Research Fellows Directory
Dr Mirna Chahine
Imperial College London
Heart diseases represent a significant contribution to premature death in the world. When the pumping power of the heart fails to meet the demands of other organs, the heart reaches the stage of breakdown and this is called heart failure. As a first consequence of damage, the heart will increase in size to compensate, but if this persists the deterioration and eventually the death of the heart result. Presently, the system with greatest proven capability to produce contracting cardiomyocytes is the human embryonic stem cell (hESC). To be able to produce cardiomyocytes from hESC, and to allow them to develop the adult phenotype, it is important to understand factors involved in cardiomyocyte differentiation and maturation. Normally any process that involves cell growth, death involves the transport of particular proteins from the cytoplasm of the cell to the nucleus, a process called nuclear protein import (NPI).
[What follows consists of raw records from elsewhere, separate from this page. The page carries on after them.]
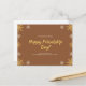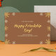 Celebrate the joy of friendship with this beautiful Friendship Day postcard. Featuring a warm brown background adorned with playful yellow and beige starburst graphics, this postcard is designed to convey heartfelt emotions. The front message expresses gratitude and appreciation for your dear best friend, making it a perfect keepsake. Additionally, you can personalise the message on the back to add a special touch, making this card a memorable token of your friendship.
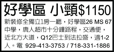 新裝修 全独立一房一廳 非常好学区 26 MS 67 中学 唐人超市十分钟路程 交通方便近北方大道 Q12 巴士到法拉盛 适合一或两人。
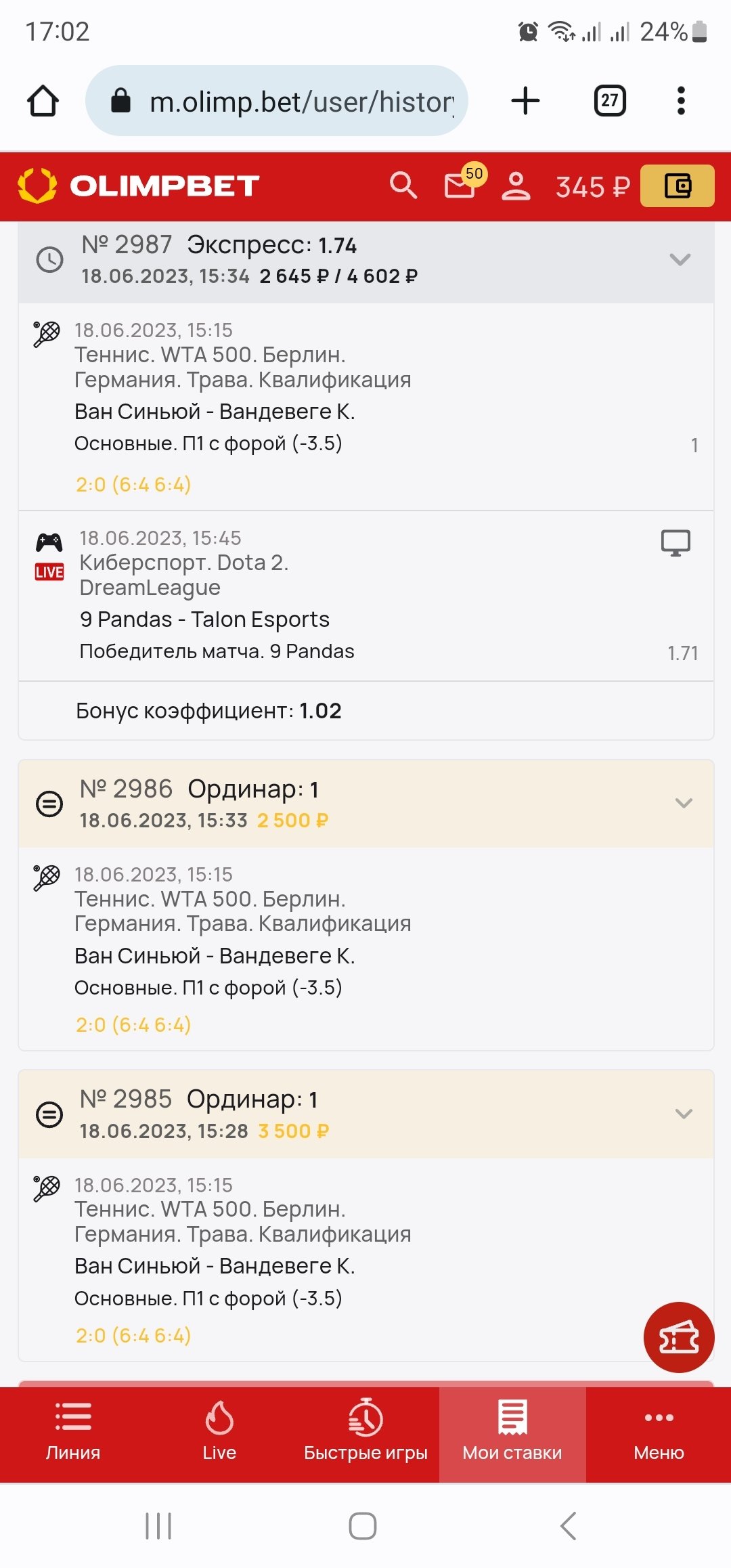 Делаю 5 ставкок в лайве, в разное время, на одно и тоже событие. Теннис. WTA 500. Берлин. Германия. Трава. КвалификацияВан Синьюй - Вандевеге К. Основные. П1 с форой (-3.5) 1 ставка сделаны на счет 2:0, 1 на победу 1. И еще 3 на фору -3.5 (все 3 в разное время в диапазоне 30 минут). Матч заканчиваеься со счетом 6-4, 6-4. Ставки на победу и 2-0 рассяитываются как выиграшные, а ставки на фору оформляются как возврат. Коэффициенты все были обычные, низкие, до 1.9, никакой ошибки по завышению 100% не было. Тех поддержка отвечает, извините, но в коэфах была ошибка, поэтому возврат. Какая была ошибка - не отвечают. Предложил рассчитатб мою ставку по заниженному кэфу (раз они говоря что он был неверный) - отказ, считают справедливым кэф 1. Удивительнл, что ошибка по всем трем события в разное время! Хотя на победу и 2-0 ошибки нет.
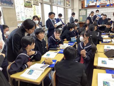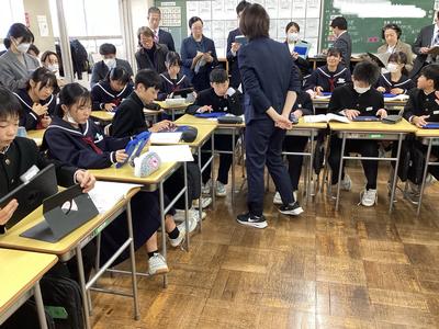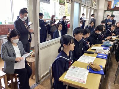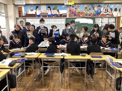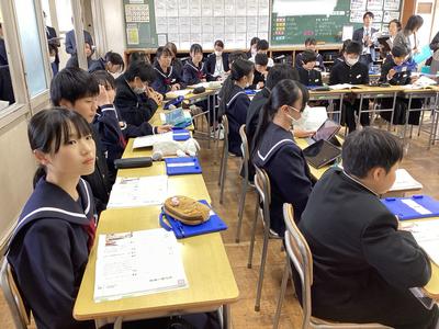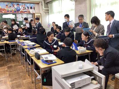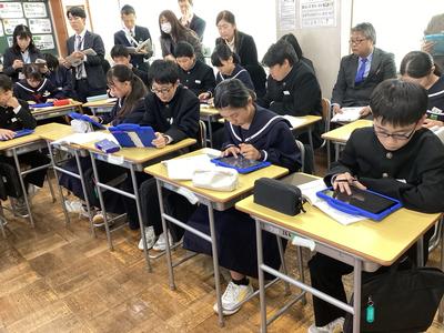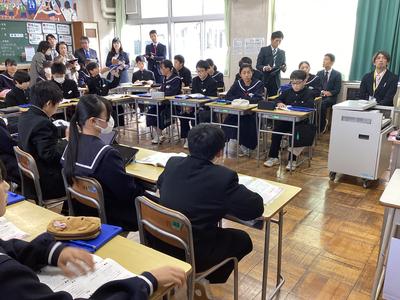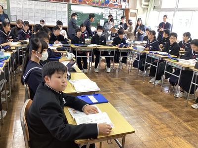13日(木)は、市指導主事学校訪問日で、市教育委員会の指導主事の先生方や市内小中学校の先生方が来校され、本校の国語、理科、英語、美術と道徳の授業を参観されました。5限目の道徳の全体参観の様子です。「差別の根底にあるもの」についてみんなで考えました。
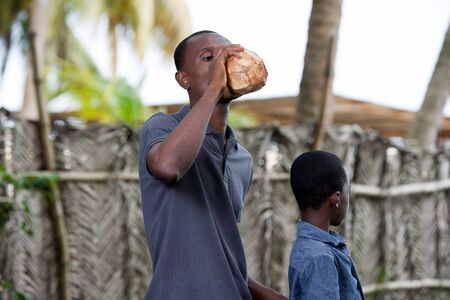 a young man standing near a straw fence drinking his coconut juice while his little brother watches something.
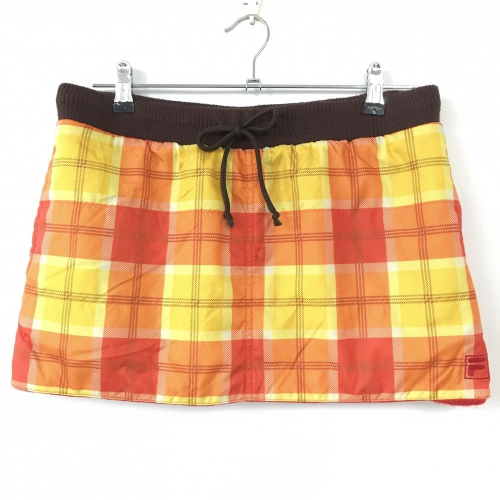 【美品】フィラゴルフ 中綿リバーシブルスカート オレンジ×イエロー×レッド チェック×ハート 総柄 レディース L ゴルフウェア FILA GOLF
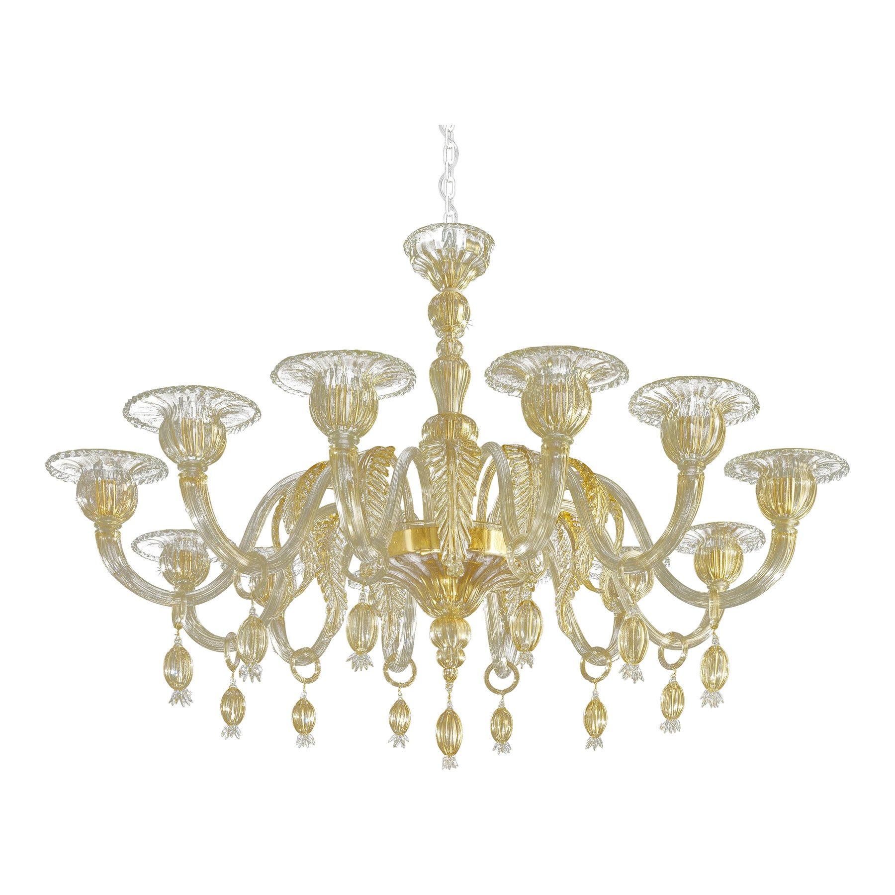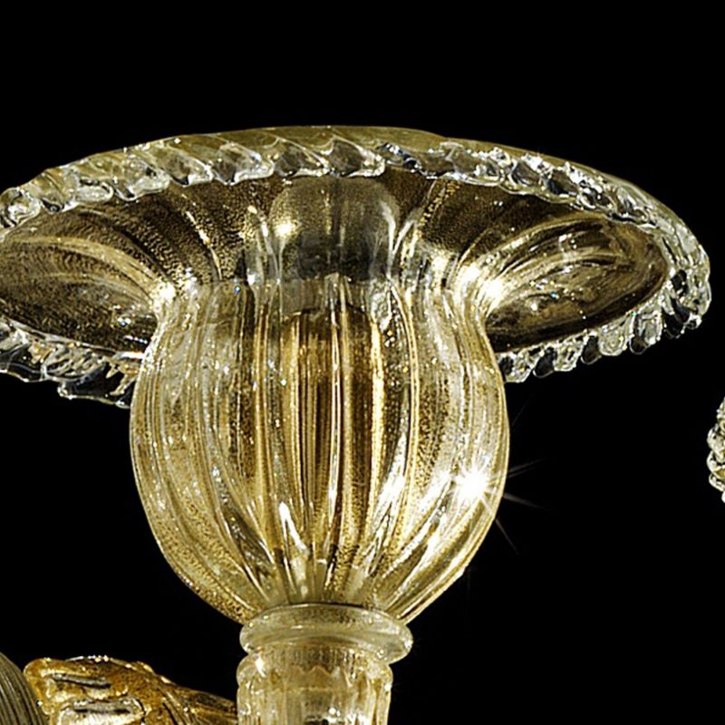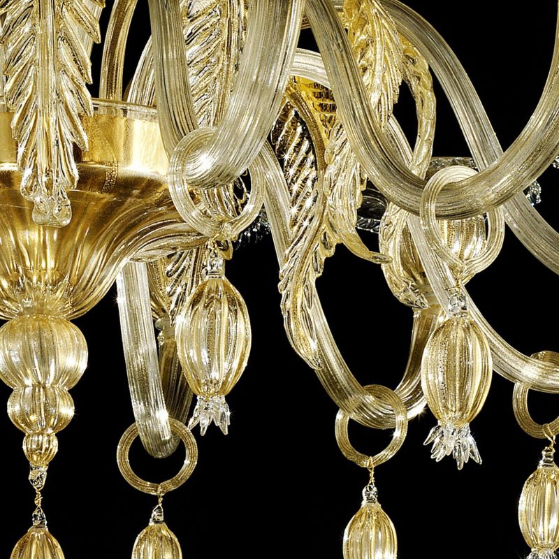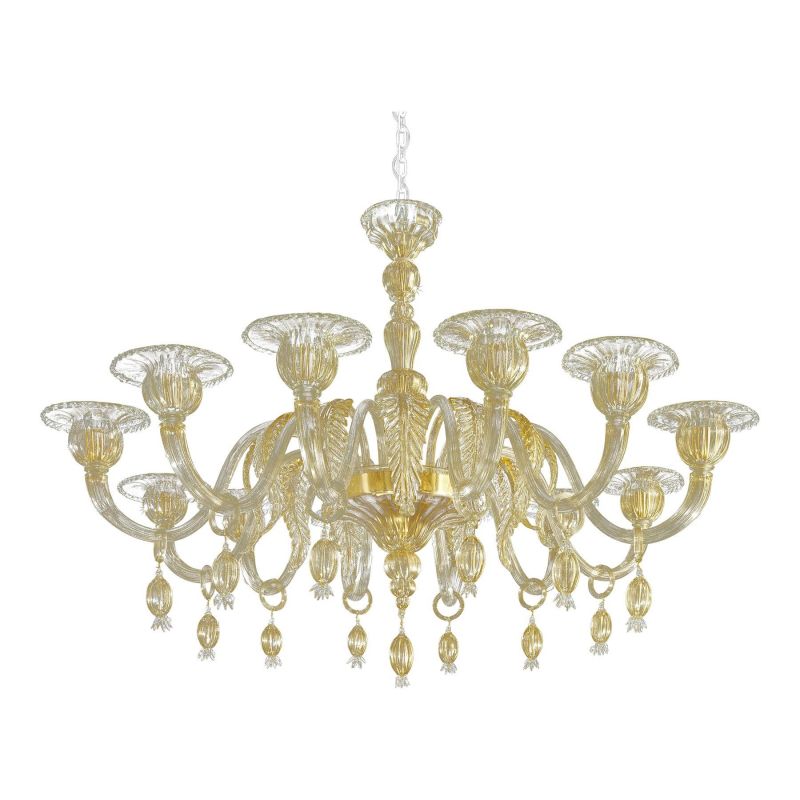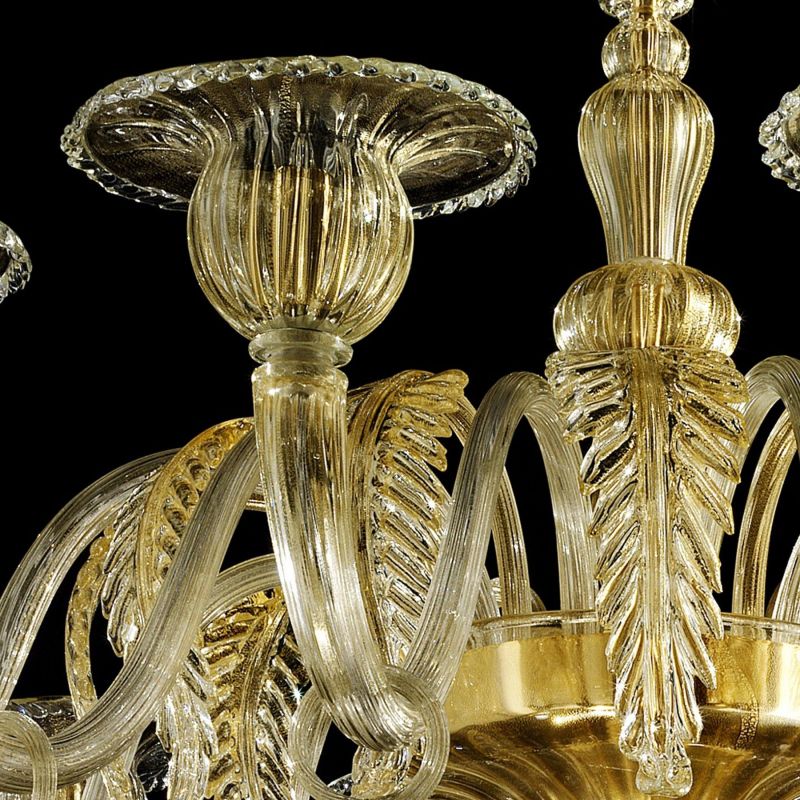 Elegant chandelier in transparent and gold Murano glass and gold metal frame.

Signalling proteins must enter the nucleus of any cell to allow the cell to create new proteins to meet the demands of its environment. However, little is known about NPI in hESC or hESC-derived cardiomyocytes (hESC-CM). I am using microinjection techniques to introduce a fluorescent import substrate to monitor NPI import rate. hESC-CM will be compared with adult ventricular myocytes from non-failing human heart, as well as those from failing human heart where the foetal gene program is reactivated. These studies will elucidate the role of NPI in hESC-CM differentiation and maturation, and potentially allow manipulation of these processes to improve the generation of cardiomyocytes for cardiac repair.
This project has a clinical relevance because understanding how to control the production of cardiomyocytes from hESC is important in treating heart diseases. This project has also a commercial impact in that factors will be identified for directed differentiation of hESC to cardiomyocytes by controlling NPI.